Task objective: Output exactly, and only, the lines below from the one with "除此之外,初三年级还进行了四" down to the one with "ОТВЕТ на задание". Include both end lines and no pictures.

Supplied records:
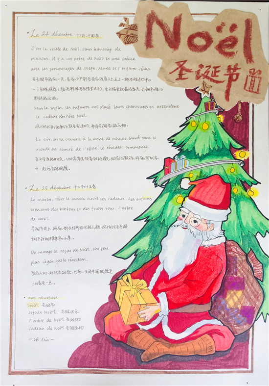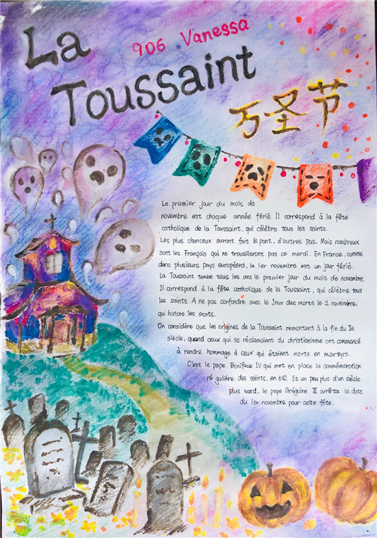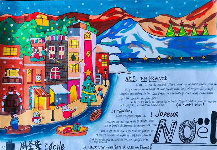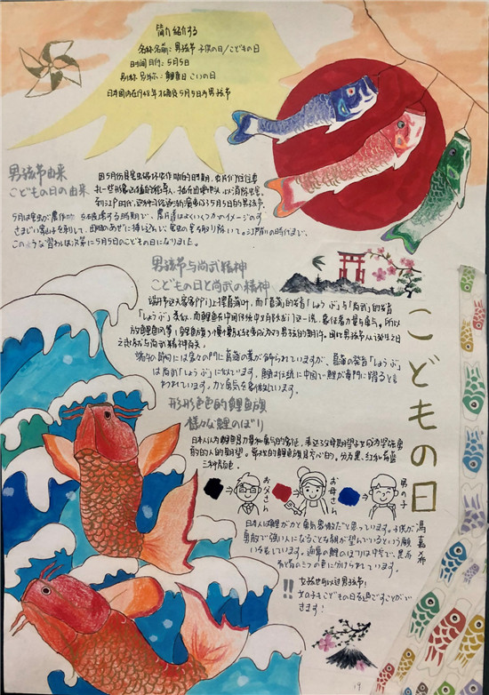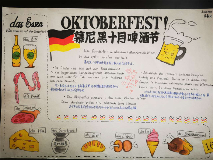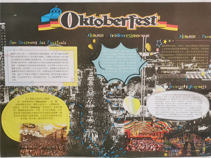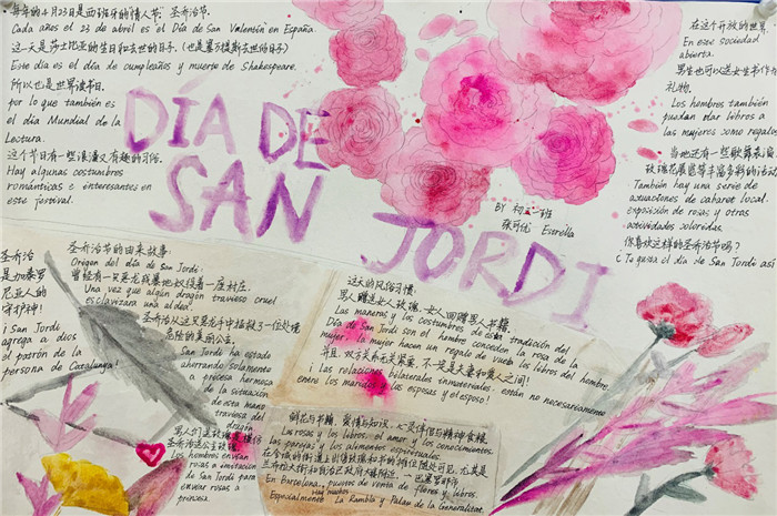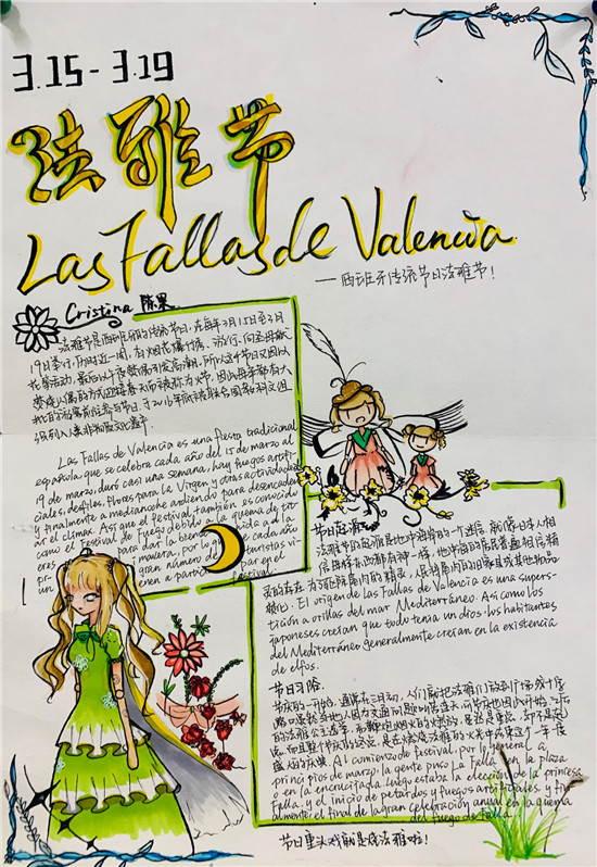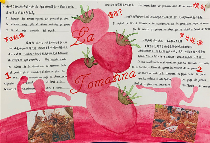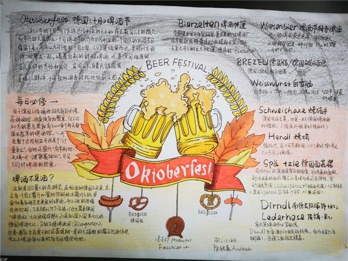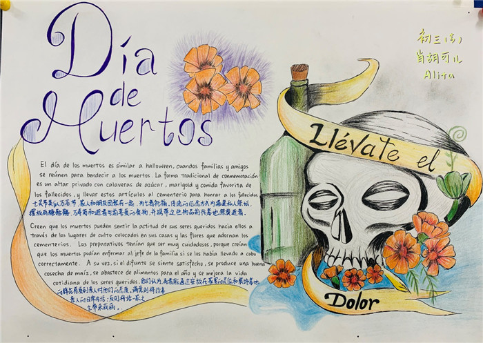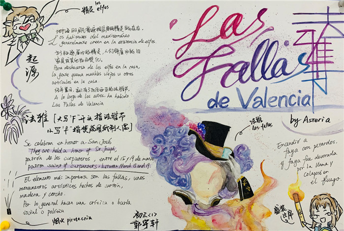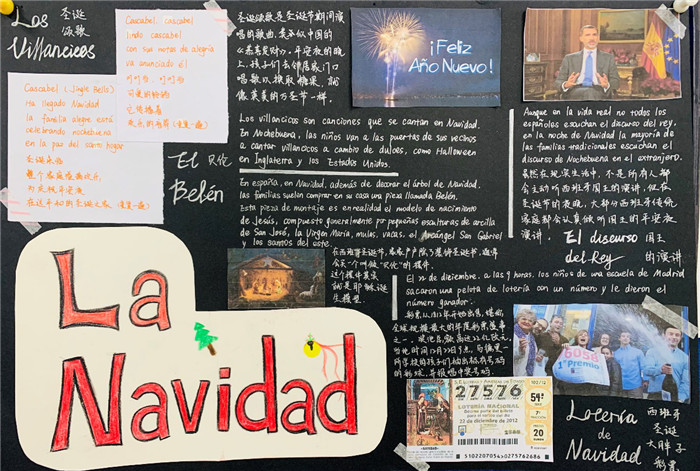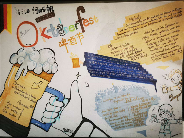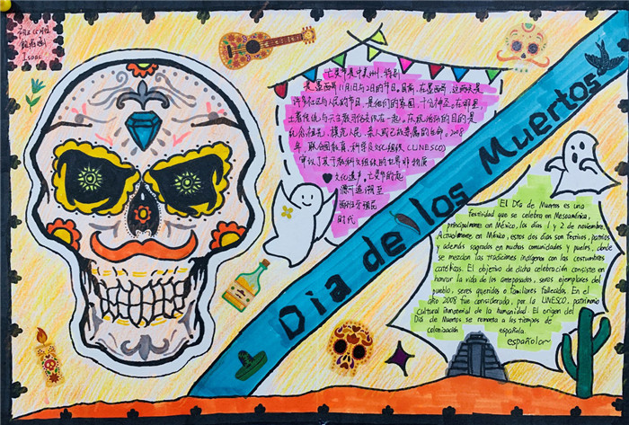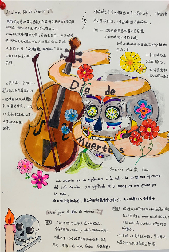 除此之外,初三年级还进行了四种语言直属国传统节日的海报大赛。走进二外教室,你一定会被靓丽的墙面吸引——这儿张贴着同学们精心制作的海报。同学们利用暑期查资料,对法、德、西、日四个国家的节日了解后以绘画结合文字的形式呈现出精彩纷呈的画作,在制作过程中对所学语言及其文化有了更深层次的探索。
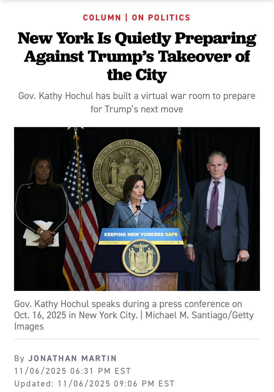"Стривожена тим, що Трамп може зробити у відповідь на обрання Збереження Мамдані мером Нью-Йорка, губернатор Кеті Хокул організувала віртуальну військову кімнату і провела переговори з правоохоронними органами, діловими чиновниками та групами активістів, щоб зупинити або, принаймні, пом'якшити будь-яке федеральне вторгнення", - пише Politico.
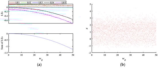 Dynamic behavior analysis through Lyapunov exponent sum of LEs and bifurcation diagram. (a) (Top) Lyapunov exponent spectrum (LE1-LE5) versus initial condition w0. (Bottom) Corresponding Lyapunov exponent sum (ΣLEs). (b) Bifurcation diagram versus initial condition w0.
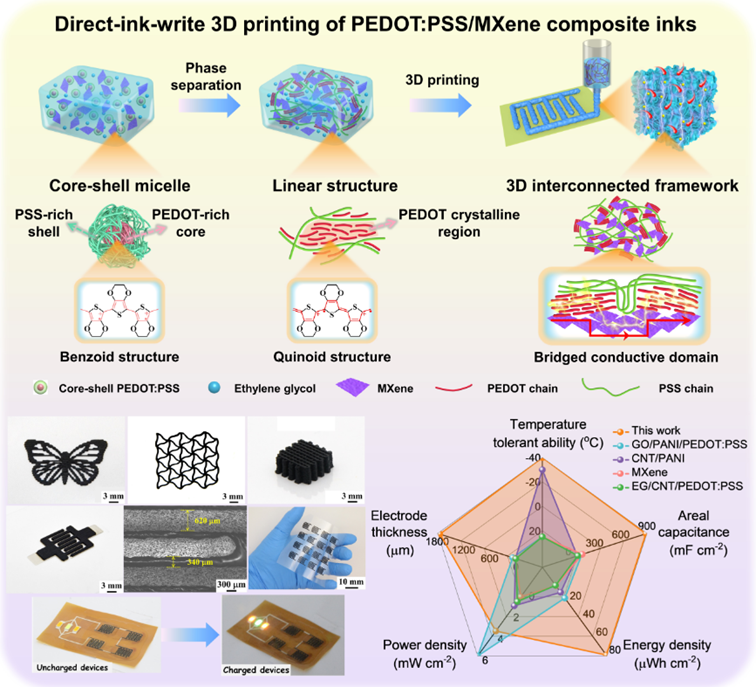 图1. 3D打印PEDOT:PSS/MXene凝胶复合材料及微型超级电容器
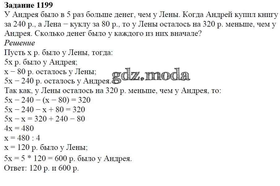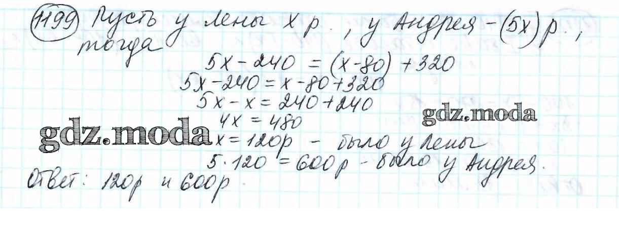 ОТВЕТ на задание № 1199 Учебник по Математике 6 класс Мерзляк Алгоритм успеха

--

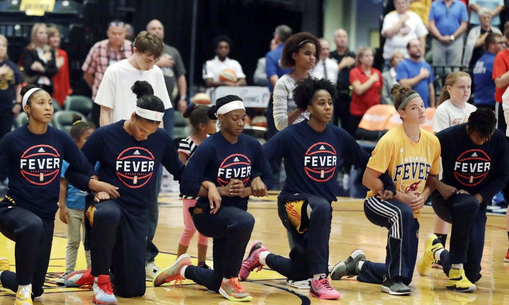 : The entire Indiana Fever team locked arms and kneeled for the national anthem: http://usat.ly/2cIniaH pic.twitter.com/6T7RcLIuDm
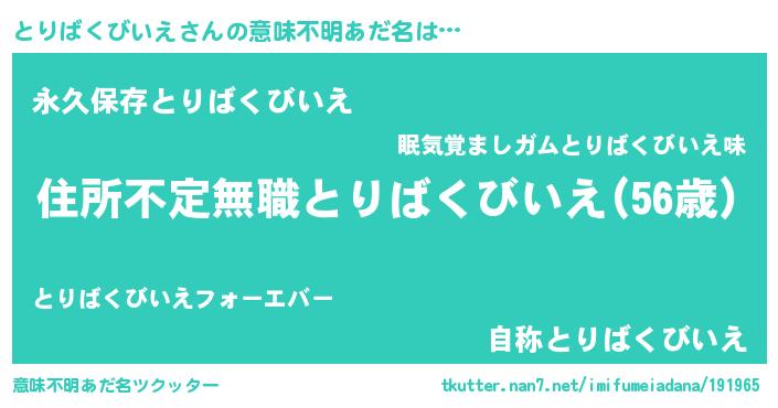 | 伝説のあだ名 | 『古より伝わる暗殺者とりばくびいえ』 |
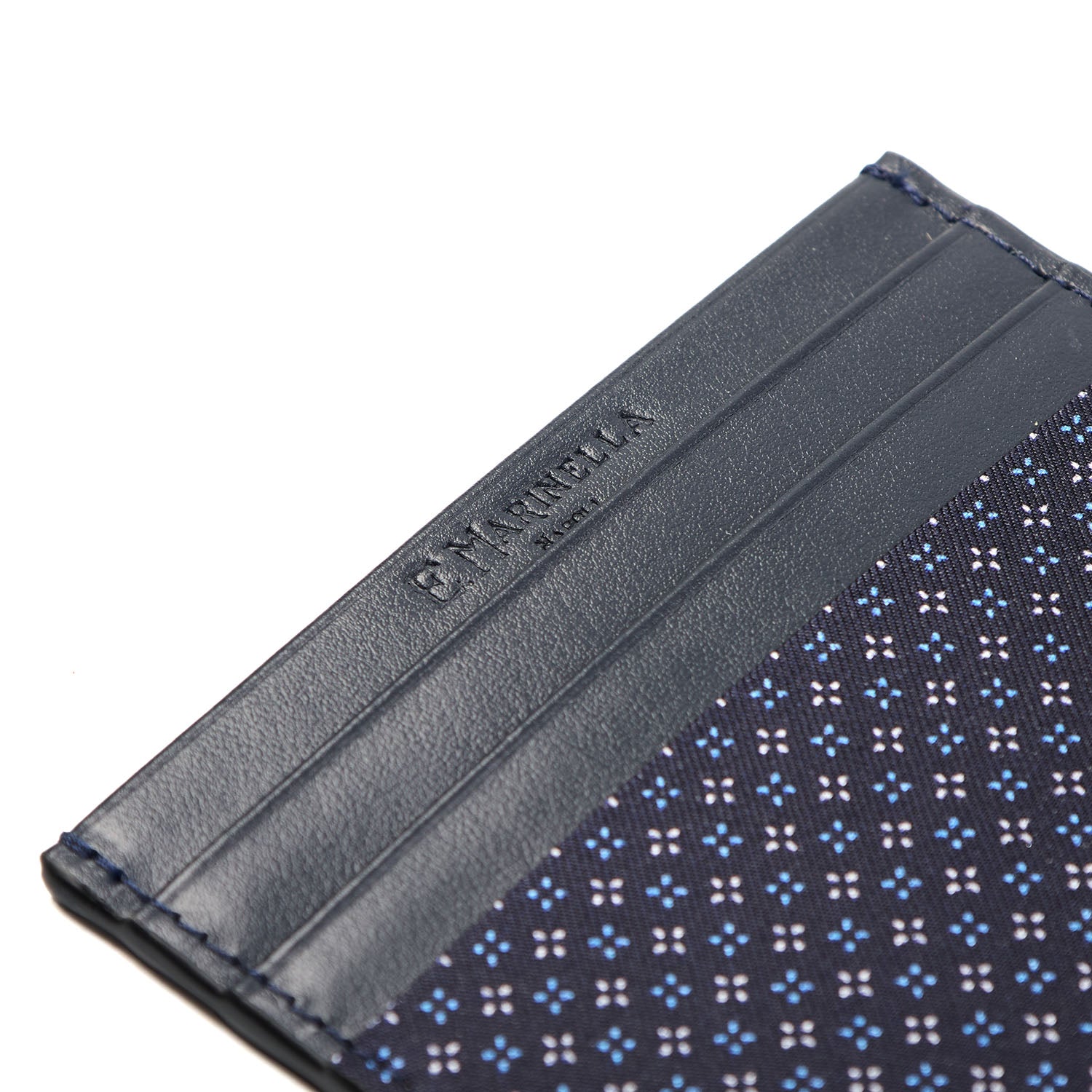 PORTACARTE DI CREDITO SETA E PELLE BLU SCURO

==

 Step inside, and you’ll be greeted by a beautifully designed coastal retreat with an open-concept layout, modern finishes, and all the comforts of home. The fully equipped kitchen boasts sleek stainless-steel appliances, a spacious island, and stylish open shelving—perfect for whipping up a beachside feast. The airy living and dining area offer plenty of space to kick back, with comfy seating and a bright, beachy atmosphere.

Task answer:
 除此之外,初三年级还进行了四种语言直属国传统节日的海报大赛。走进二外教室,你一定会被靓丽的墙面吸引——这儿张贴着同学们精心制作的海报。同学们利用暑期查资料,对法、德、西、日四个国家的节日了解后以绘画结合文字的形式呈现出精彩纷呈的画作,在制作过程中对所学语言及其文化有了更深层次的探索。
"Стривожена тим, що Трамп може зробити у відповідь на обрання Збереження Мамдані мером Нью-Йорка, губернатор Кеті Хокул організувала віртуальну військову кімнату і провела переговори з правоохоронними органами, діловими чиновниками та групами активістів, щоб зупинити або, принаймні, пом'якшити будь-яке федеральне вторгнення", - пише Politico.
 Dynamic behavior analysis through Lyapunov exponent sum of LEs and bifurcation diagram. (a) (Top) Lyapunov exponent spectrum (LE1-LE5) versus initial condition w0. (Bottom) Corresponding Lyapunov exponent sum (ΣLEs). (b) Bifurcation diagram versus initial condition w0.
 图1. 3D打印PEDOT:PSS/MXene凝胶复合材料及微型超级电容器
 ОТВЕТ на задание № 1199 Учебник по Математике 6 класс Мерзляк Алгоритм успеха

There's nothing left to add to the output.